In case it isn't clear, I just want to add to Thomas' explanation that int is 32 bits...since all bitshift operations are promoted to ints (for the operators (or numbers), that is), the MAXIMUM number of shifts would be 31 (like he said, 32 mod 32 (32 % 32 in Java) = 0 (the remainder is 0).

Remember the signed and unsigned shifting!!!

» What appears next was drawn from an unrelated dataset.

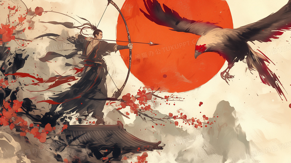 本作品内容为一位手持弓箭的古人插画, 格式为 jpg, 大小8 MB, 图片尺寸为2912 x 1632, 源文件无水印, 欢迎使用熊猫办公。 如认为平台内容涉嫌侵权,可通过邮件:tousu@tukuppt.com提出书面通知,我们将及时处理。
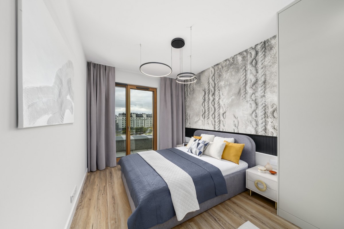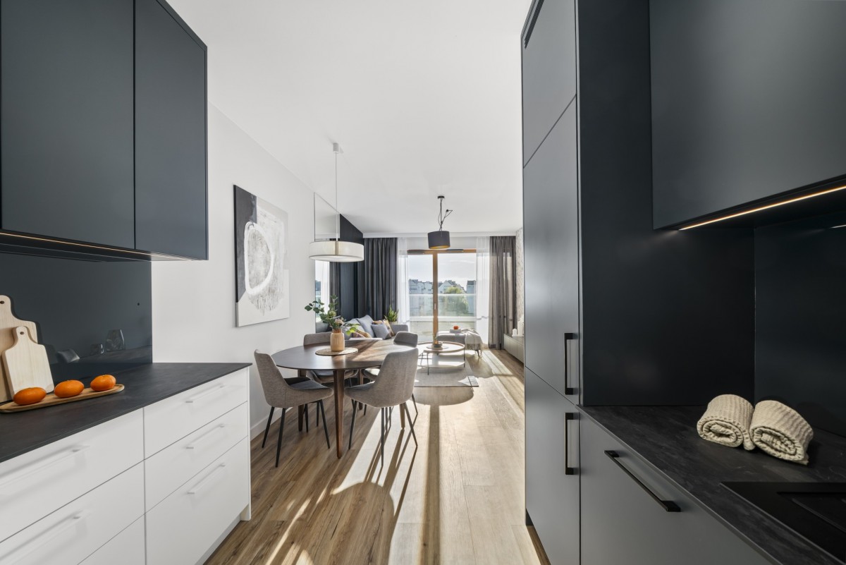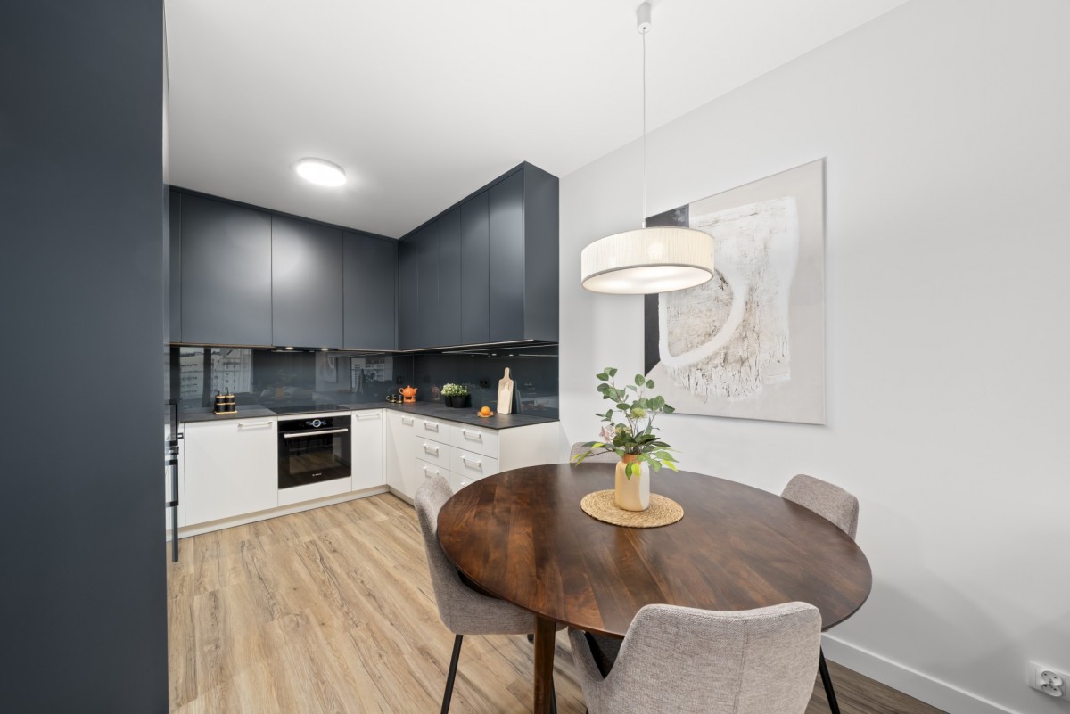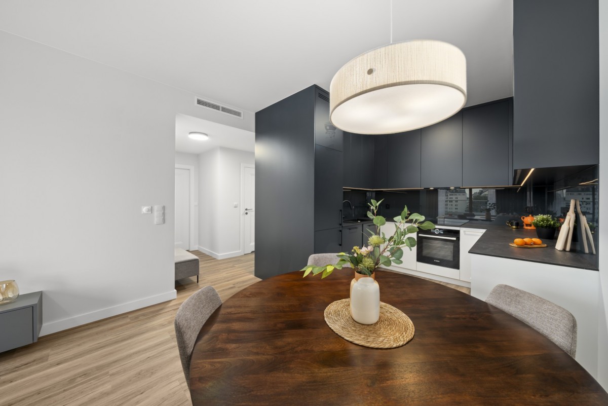 Salon z otwartą kuchnią i jadalnią umeblowany, główna sypialnia umeblowana, druga sypialnia (alternatywnie gabinet, pokój dziecka/nastolatka lub pokój gościnny) umeblowana, w tym zabudowa stała szaf ściennych na wymiar, telewizor na zapytanie najemcy.

if you shift x >> 2 (I hope I don't get this backwards!), the sign goes along and you get this for x = 15:

0000 0000 0000 0000 0000 0000 0000 1111

becomes

0000 0000 0000 0000 0000 0000 0000 0011 (note all the numbers shift 2 to the right and thus two "1" symbols fall off.

So 15 >> 2 = 3

But for x = -15, you have this representation

First...to reverse, you'll be flipping the bit representation of 15 - 1 (since to get the value of a negative number, you flip all bits and add 1...so I'm doing the reverse to create -15)

14 is

0000 0000 0000 0000 0000 0000 0000 1110

(so if you had flipped bits and added 1, it would end in 1111 which = 15)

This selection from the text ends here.